In order to synthesize human speech, an understanding must be developed of how humans are capable of such a task. By dissecting speech and its process into measurable and analytical qualities, instruments and techniques can be created to reproduce the aspects of speech.

The most simplistic description of how humans utter sounds in speech can be characterized by the control of air generated by the lungs, flowing through the vocal tract, vibrating over the vocal cord, filtered by facial muscule activity, and released out of the mouth and nose (see |Figure IB2.1|). Although the vocal tract is a tube that roughly measures up to one foot, the sound actually takes shape in the latter six inches of the tube--the oral cavity. In this portion of the vocal tract, many combinations of anatomical activities can alter the passing air flow.

For example, the brain can signal the vocal cord, also known as the "larynx", to vibrate or resonate. This vibration forms the glottal waveform, shown in |Figure IB2.2|. Due to the waveform curve being simple in nature, waveform generators can attempt to duplicate its shape. Just by tightening the vocal cord muscles, the sound's fundamental frequency can be increased, producing higher-pitched sounds.

Furthermore, the air flow can be restricted and altered by positions of the tongue, teeth, lips and other facial muscles in the oral cavity. It is this interfacing of all the possible combinations and variations of the audio filters that complicates the task of synthesizing speech [CATER83]. An alternative to combatting the problem of determining the effects of changes in the facial muscles to produce sound, is to study the actual sounds produced.

"Linguistics", the "science of language," helps to classify speech into a phonetic alphabet, called "phonemes". The International Phonetic Association (IPA) provides a standard for which phonetic alphabets are based. The phonemes can be collected into popular subsets known as dialects. For instance, we might be interested in the General American (GA) dialect of phonemes, which comprises the sounds of commonly spoken American English.

Within the English language, there are also variations on saying phonemes, depending on the context of the word. Each of these variations is an "allophone". Furthermore, when the phonemes are connected to produce words or other sounds of speech, there are other characteristic sounds that transition certain phonemes to other phonemes. These sounds, which cannot be represented by a single symbol, are called "diphthongs". Diphthongs usually occur when pronouncing two vowel-type phonemes in succession, such as "ah" and "ee" to create the sound i [CATER83].

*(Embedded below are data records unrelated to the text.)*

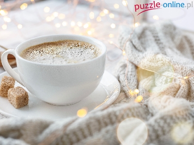 Kawa, Lampki, Spodek, Dwie, Cukru, Filiżanka, Kostki, Sweter
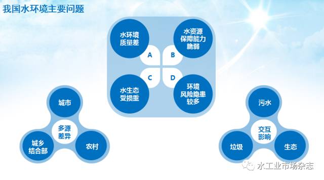 可以看出,上述问题和城市、城乡结合部、农村多元差异,以及污水、垃圾、生态交互影响,形成水环境四个主要问题,造成水环境质量差、水环境保障能力脆弱、水生态受到了严重损伤,而且环境风险和隐患开始多起来了。见图2。
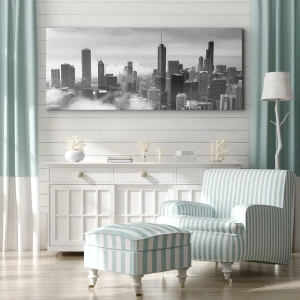 Plátno „Americká krajina“ je unikátní kompozice, která přenese diváka do srdce moderní metropole. Zobrazuje panorama města s majestátními mrakodrapy obklopenými jemnými mraky. Monochromatické barvy v černé a bílé dodávají obrazu jasnost a nadčasový charakter.

Describing the mechanics for producing recognizable sounds does not fully capture the essence of speech. Other human components assist the sophistication of speech. Many of these components provide sensory input during speech, which were not noticed to have an effect until comparisons were conducted on speech by humans incapable of the average flow of these inputs.

The ears provide a mechanism to simultaneously monitor progression of speech, which serves as an input to alter speech patterns or volume, as necessary (refer to section IV.3 Human Factors/Auditory System). The effects of not having this auditory input can be noticed by comparison of speech produced by the deaf. Without the auditory feedback, a deaf person relies more heavily on the bone vibration feedback received during speech to control their speech.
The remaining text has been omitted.